DirecTV and EchoStar Communications are urging Congress to pass a law that would bar states from applying sales taxes to satellite-TV providers but not to cable-system operators, according to cable and satellite lobbyists.
The two satellite companies, serving about 30 million customers combined, are trying to insert the tax provision in legislation designed to make permanent the taxation ban on the retail price of broadband access service.
About six states have sales taxes that DirecTV and EchoStar view as discriminatory, because cable operators are exempt.
But the direct-broadcast satellite providers have lost at least twice in federal court in bids to get the taxes struck down.
The cable industry is opposing the satellite giants on Capitol Hill. Cable claims that the imposition of a satellite-TV sales tax on cable would be discriminatory, because cable systems already surrender 5% of their service revenue to local governments to compensate them for use of public rights of way.
EchoStar and DirecTV insist that the 5% franchise fee paid by cable companies isn't a tax per se, but rent to occupy government-owned property.
“Cable companies receive something of enormous value in return for paying the franchise fee — access to rights of way that they value in the billions of dollars in their (Securities and Exchange Commission) filings.
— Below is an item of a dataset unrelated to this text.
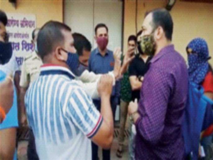जव्हारच्या लसीकरण केंद्रात रविवार दि. २ मे रोजी १३०० लसींचा डोस पुरविण्यात आला आहे. सेल्फ ऑनलाईन रजिस्ट्रेशनमुळे कोणीही कुठलेही केंद्र निवडू शकतो, असे पर्याय देण्यात आले आहेत. त्यामुळे सोमवार सकाळपासून सेल्फ ऑनलाईन नोंदणी करणारे मुलुंड, अंधेरी, ठाणे, वसई, विरार आदी भागातून जवळपास १५० लोक लसीकरण करण्यासाठी थेट जव्हारला आले होते. त्यामुळे स्थानिक आणि बाहेरून आलेल्या नागरिकांत वाद निर्माण झाला. यावेळी स्थानिक पोलिसांना सुद्धा पाचारण करण्यात आले. यावेळी तहसीलदार संतोष शिंदे यांनासुद्धा बोलविण्यात आले होते.वाद वाढून काही वेळातच भांडणाचे स्वरूप निर्माण झाले. मात्र, पोलिसांनी तातडीने गोंधळ शमविला. यावेळी शिवसेनेचे माजी नगराध्यक्ष व शिष्टमंडळ यांची वैद्यकीय अधीक्षक डॉ. मराड यांच्या दालनात बैठक झाली. यावेळी जिल्हा लसीकरण अधिकारी डॉ. मिलिंद चव्हाण यांच्याशी संपर्क साधला त्यांनी जिल्हाधिकारी यांच्याशी संपर्क साधून वस्तुस्थिती सांगितली. जिल्हाधिकारी यांनी एका दिवसासाठीचे लसीकरण बंद करण्याचे आदेश दिले.

DBS providers obtain no such valuable rights when they pay sales taxes,” DirecTV and EchoStar said in a recent memo for House Judiciary Committee staff.
Local franchise authorities are barred by federal law from imposing fees on satellite TV providers.
Cable also argues that applying the sales tax to both cable and satellite or lifting the sales tax on DBS where it exists today would discriminate against cable because in either instance cable companies would pay more in government-imposed taxes and fees than satellite companies.
The tax battle is being waged as Congress considers a permanent or short-term extensions of the Internet Tax Freedom Act, which expires Nov. 1.